We seek to simulate the dynamic Coulomb Wedge model earthquake cycle (Wang and Hu, 2006) in our simulations. We first prepare the fault for dynamic slip by preconditioning it during steady backwall displacement, holding the initial basal friction at 0.04. This represents the interseismic stage. This preconditioning ensures high shear stress along the fault and the accumulation of elastic strain energy within the wedge. To simulate the dynamic stage of the earthquake cycle, we reduce the friction coefficient along the basal decollement beneath the inner wedge to approximate velocity weakening and either increase or maintain the basal friction beneath the outer wedge to approximate velocity strengthening.
Pre-earthquake Loading Stage
To simulate the interseismic (preconditioning) period, the right wall of the wedge moves inward at a constant horizontal velocity (vx) of 1 m/s, under constant basal friction conditions. During this preconditioning stage, the system state is recorded at increments of 200 m of backwall displacement. The internal stresses within the wedge are supported by elastic deformation at interparticle contacts, defining the potential energy of the system. During this stage, the wedge deforms, either extending or contracting, depending on the basal friction conditions and the predefined wedge geometry.
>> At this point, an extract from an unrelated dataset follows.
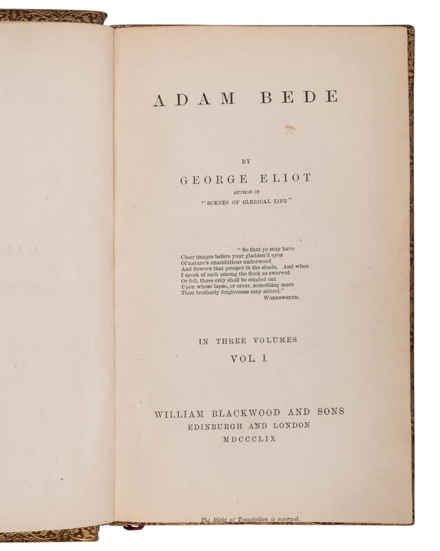 EVANS, Mary Ann ("George Eliot") (1819-1880). Adam Bede. Edinburgh and London: William Blackwood and Sons, 1859.
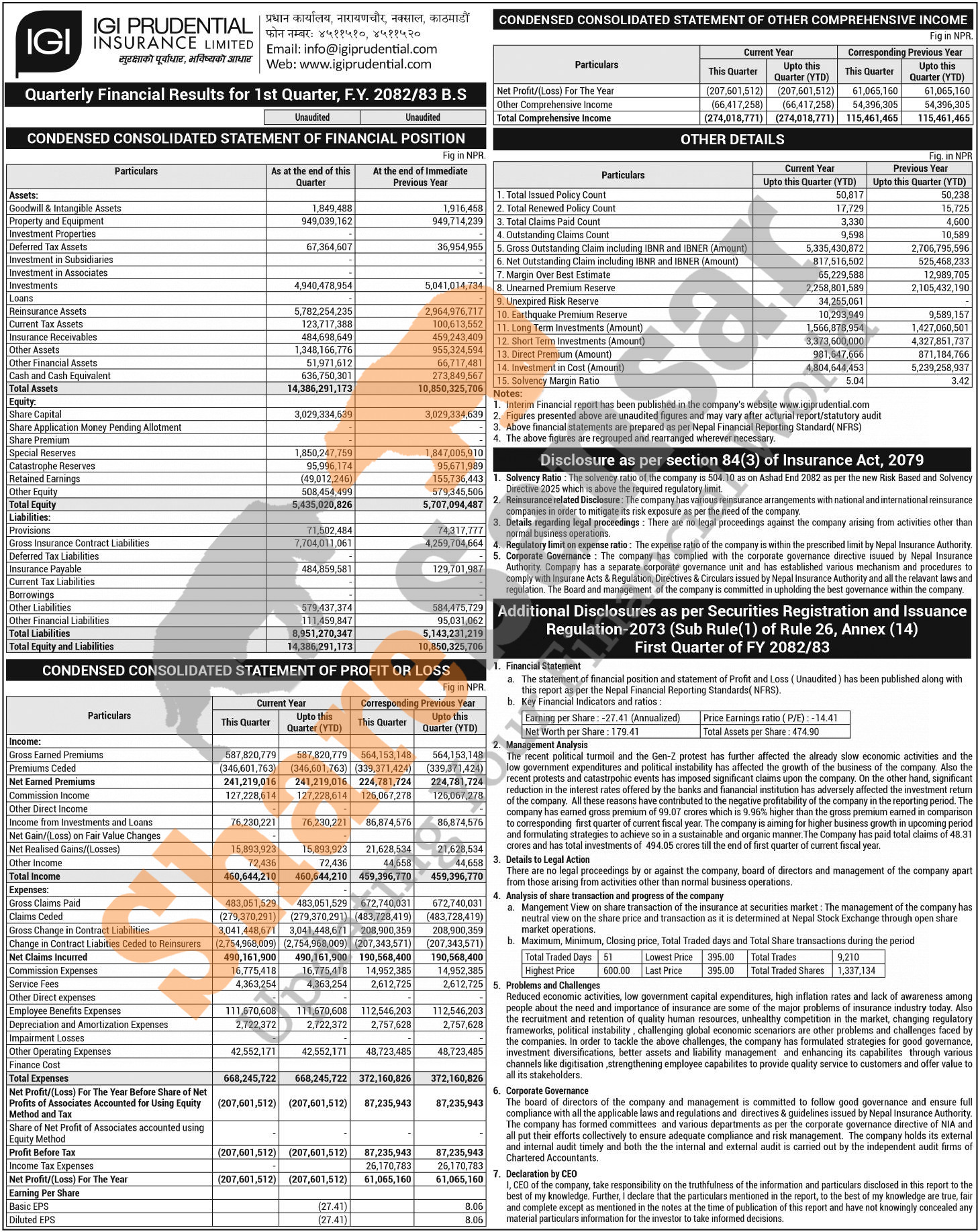 IGI Prudential Insurance Limited has posted a net loss of Rs 207.60 million and published its 1st quarter company analysis of the fiscal year 2082/83.

The preconditioning stage is complete when the model reaches its steady state, State 1. Details about the implementation of preconditioning and the discussion about the steady state can be found in Wang and Morgan (2019).
Once the wedge reaches State 1, we simulate the second stage of dynamic earthquake unloading, culminating in the final State 2. At the start of the second stage, the backwall displacement is stopped. Earthquake unloading is initiated by the reduction in basal friction beneath the inner wedge, and concurrent increase in friction beneath the outer wedge as appropriate.